Harriet Sergeant, a fellow at the Center for Policy Studies think tank in London, first became alarmed after visiting a Kids Company center in London in 2006 while researching a book on teenage gangs. She recalled that Batmanghelidjh had described the facility as swamped with needy youngsters seeking hot meals and other assistance. But Sergeant says she saw only "one fat, sulking teenager" on the day she visited. At the suggestion of staff members, she returned a few days later and found a crowd of young people waiting to receive their weekly "pocket money," envelopes containing between £50 and £200 in cash. Sergeant says some of the teenagers told her they used the money to buy drugs.

Sergeant wrote about the incident in her book without naming Kids Company. Why not? Batmanghelidjh "was like a saint," Sergeant says now. "When the public is in a kind of frenzy about something, there's nothing you can say."

Few would argue that Britain's public welfare agencies are doing a great job taking care of kids. In a report to the United Nations this year, independent child-welfare advocates said that reduced government spending had "resulted in a failure to protect the most disadvantaged children." Still, there's no evidence that Kids Company was doing any better. What about that London School of Economics report? It was paid for by Kids Company, in what a spokesman for the university says is a commonplace arrangement by groups seeking outside review. The researchers were asked to study only the "psychological side" of the charity's programs, the spokesman said, not to evaluate its management.

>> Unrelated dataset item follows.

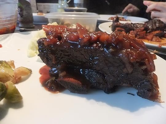 Things were much brighter on the lunch front today. Following a somber offering of pasta so thoroughly cooked that fully fifty percent of blind taste testers would have certainly identified it as wallpaper paste, we got barbecue today!

Outsourcing public services to "smaller, more lean and agile" charities is an appealing idea, says Hudson, the former Kids Company staffer. Government agencies are seen as "broken, stodgy," and incapable of innovation. Some charities, she notes, have been getting public money "to provide services they're not set up to deliver," and the government has no way to monitor the job they're doing. "If private organizations are going to deliver public services," Hudson says, "they've got to come under more scrutiny."